Singer Tanya Chua plans to go into baking
S'pore singer-songwriter hopes her passion for baking and French pastry could be new opportunity for success
Stuck in traffic in Beijing, Singaporean singer-songwriter Tanya Chua is mulling over a sweet business idea.
Chauffeured to yet another radio interview, the popular Mando-pop singer, who is this year's Business China Young Achiever Award winner, talked over her mobile phone about her passion for baking and French pastry: "I see an opportunity for this in China, especially in Beijing.
"I've been asking around, asking people to recommend a good pastry shop for dessert, and they say there isn't very much right now.
"I think it's a cultural thing, where people from the north are not much into sweet stuff. But I think it will change somehow in the next few years."
What started as a hobby to combat the ennui of writers' block - "I would start baking instead of writing songs...I'm obsessed with pastry dough and how to get the perfect pie crust" - has become something of a serious pursuit for Chua.
Next year, she will attend a three-month baking course in Paris.
Asked if we might soon see a chain of "Tanya bakeries" around the world, she said: "I hope so. I've been talking about this with my friends. But maybe the timing is not right.
"With everything I do, I have to be super ready for it."
Now, she is concentrating on what she does best: making and promoting her music.
She is Business China's Young Achiever for contributing to Sino-Singapore relations with her high profile in the Chinese pop music scene. She has been promoting her latest Mandarin album Aphasia in China.
"It's a huge revolution trying to find a new sound and trying something that's outside of my comfort zone," she said.

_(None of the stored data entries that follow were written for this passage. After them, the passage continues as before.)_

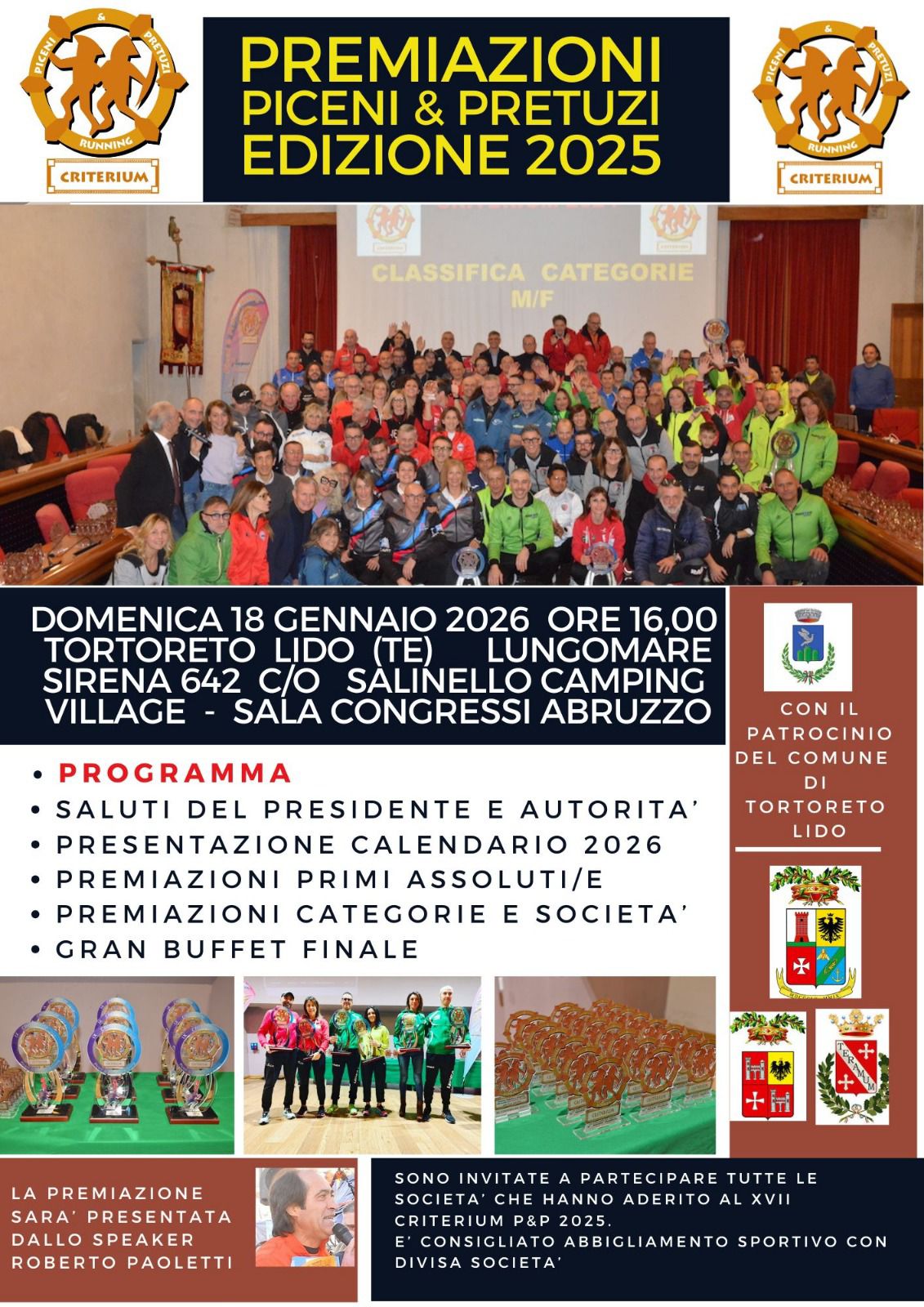 L’appuntamento del 18 gennaio a Tortoreto Lido, nella Sala Congressi Abruzzo del Salinello Camping Village (lungomare Sirena), ospiterà la tradizionale premiazione annuale con riferimento alla stagione 2025: per gli atleti e le società podistiche delle province di Teramo, Ascoli Piceno e Fermo — la “culla” del Criterium Piceni&Pretuzi — sarà una grande festa e una passerella collettiva per celebrare insieme i risultati della scorsa stagione e premiare i protagonisti della classifica assoluta, quelli distintisi nelle categorie individuali e le società che si sono particolarmente distinte.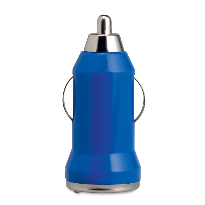 Samochodowa ładowarka USB z czerwoną lampką - wskaźnikiem ładowania. ABS i stop aluminium. Srebrne kartonowe pudełko.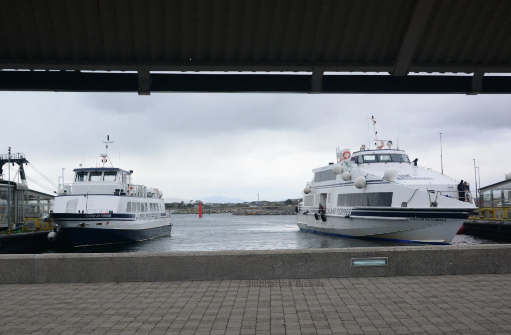 As I had mentioned, the weather gods weren’t happy with us. Dark clouds were floating in with a strong freezing wind. We were ill-prepared. A bit of misunderstanding had created a rush in the morning that had made us literally run. Our usual meticulous prep had to be sacrificed. Since weather forecasts had cast a shadow on our plans, we decided to go to the island while there was some kind of sun in the sky. We almost missed the bus to the ferry, but the Aran Island Ferry people were kind, and the bus waited for us. The 36 km drive through the amazing Connemara coast, on the Wild Atlantic Coast Highway, is in itself a pleasure. There were two ferries waiting. One was for Inishmore – the bigger and swankier – the other – much more homely – was for the passengers going to Inis Meáin and Inis Orir.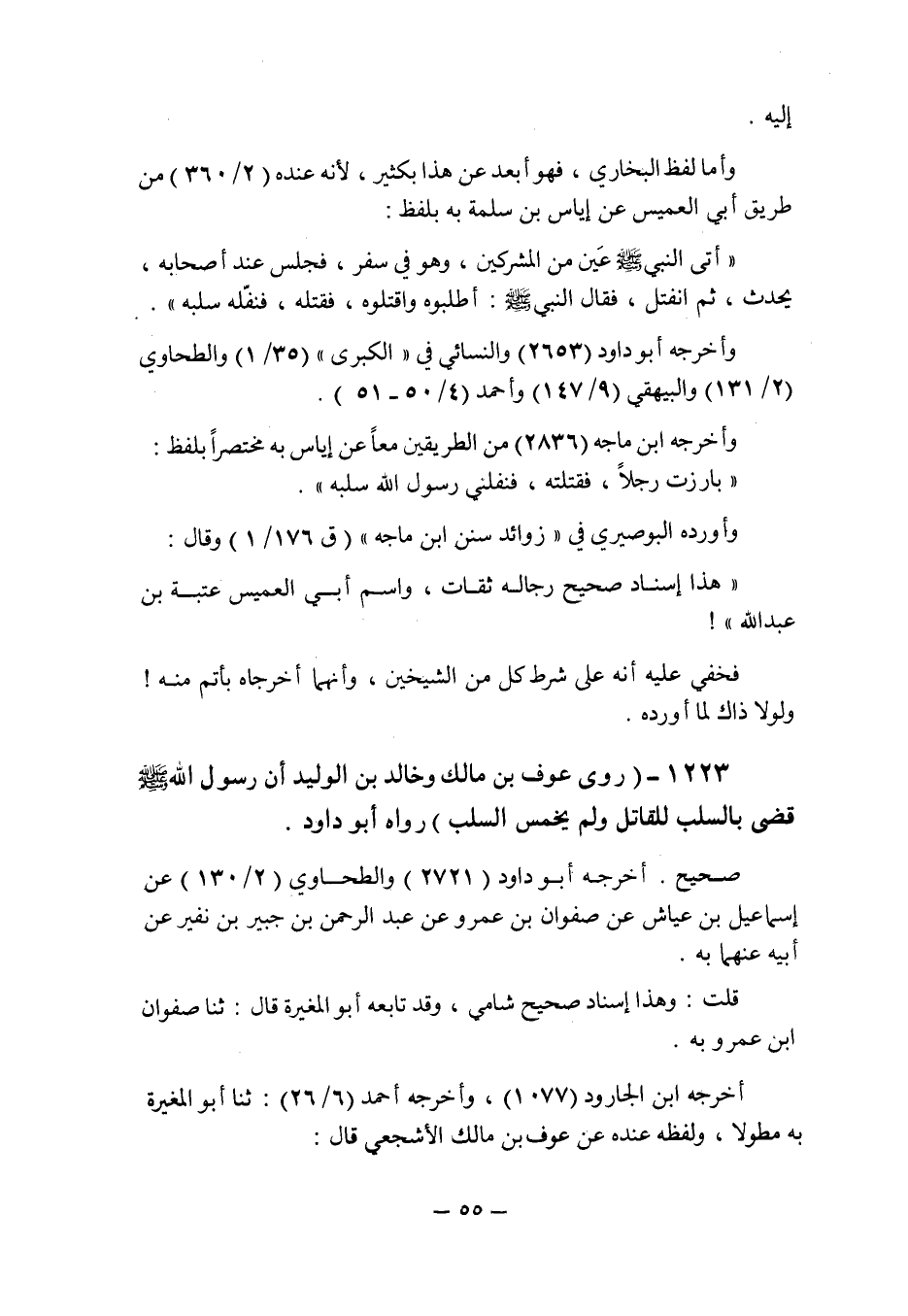 (1223) - (روى عوف بن مالك وخالد بن الوليد: " أن رسول الله صلى الله عليه وسلم قضى بالسلب للقاتل ولم يخمس السلب ".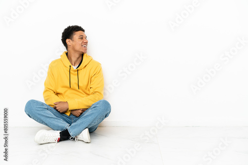 Young African American man sitting on the floor isolated on white background laughing in lateral position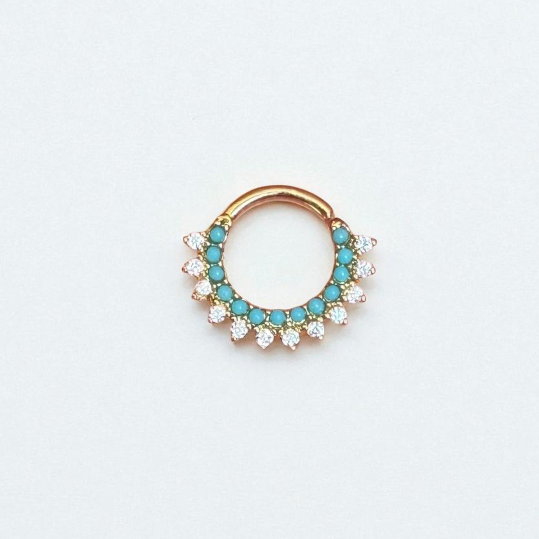 Style meets comfort with this bendable daith earring featuring striking synthetic turquoise and sparkling CZs in a fan design. Handcrafted for versatility and comfort, this unique piece is perfect for those looking to effortlessly elevate their everyday look or add a touch of flair to any occasion.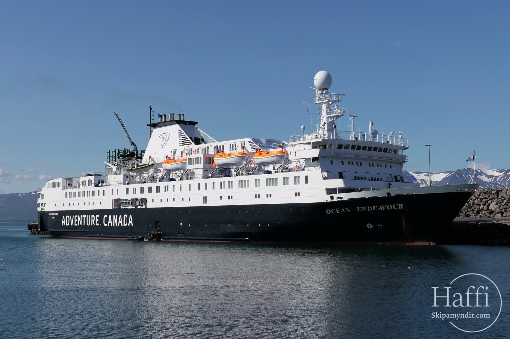 Farþegaskipið Ocean Endavour kom til Húsavíkur í morgun og lagðist að Bökugarðinum.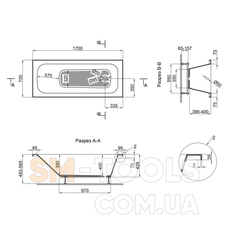 Габарити готового виробу 493-585х1700х700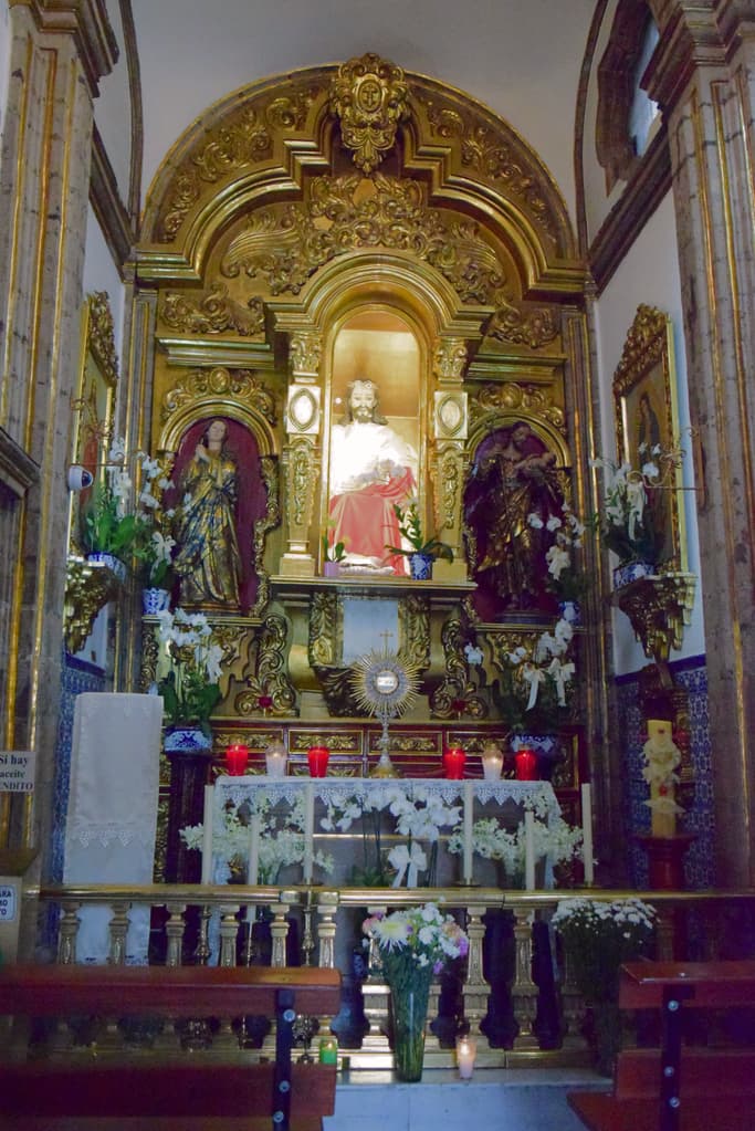 Dentro de la iglesia más pequeña de la CDMX, el bullicio de la Merced se aleja por la música que se reproduce a través de una bocina escondida en el coro de la mini iglesia. Algunas personas entran curiosas por su tamaño y arquitectura, observan fascinadas y aprovechan para descansar en sus banquitas. Otras llegan cargadas de paquetes pesados, los dejan caer a un lado y después se arrodillan para dar gracias, persignarse y dejar su limosna.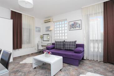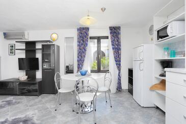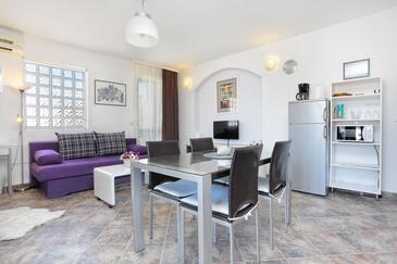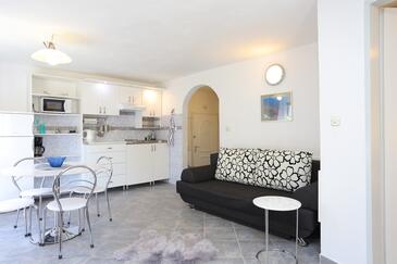 Az Apartman 4 főt tud fogadni. Az ágyak a/az 1 hálószobában, és a nappaliban/ben vannak, melynek méretei 40m2. A forró nyári estéket a vendégek saját teraszukon élvezhetik. Az apartmanból tengerre néző kilátás nyílik. A közös barbecue-helyet a vendég szabadon használhatja. A szállásegységbe lehetséges háziállatot hozni felár ellenében.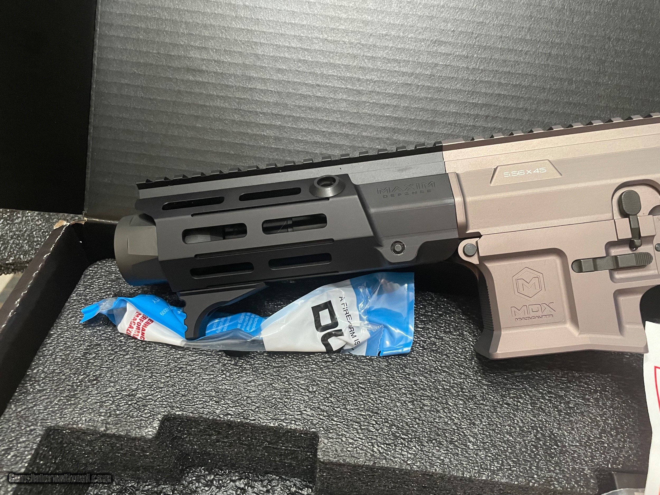 Description: New unfired firearm in original box and papers. 5.5" barrell. One original 20 round magazine included. SOLD Rifle Caliber: 5.56x45mm NATO Handgun Caliber: 5.56x45mm NATO Manufacturer: Maxim Defense Model: PDX 5.56 Barrel Length: 5.5” Condition: New Metal Condition: New Bore Condition: New Sights: No sights Item Location: Hardy Virginia |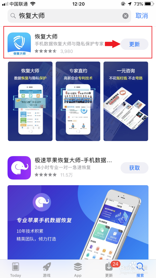 打开苹果应用商铺,下载“恢复巨匠”,选择聊天记实修复

Infused with an electronica vibe, the album has 10 tracks written by Chua and another Singaporean, Xiaohan. Chua, who is based in Taipei, also collaborated with musicians and crew from the US, Britain, Germany, France, Italy and Japan.
Her new album is named after a speech and language disorder caused by brain damage.
In Chinese, this translates as "shi yu zhe" - literally, "a person who has lost language".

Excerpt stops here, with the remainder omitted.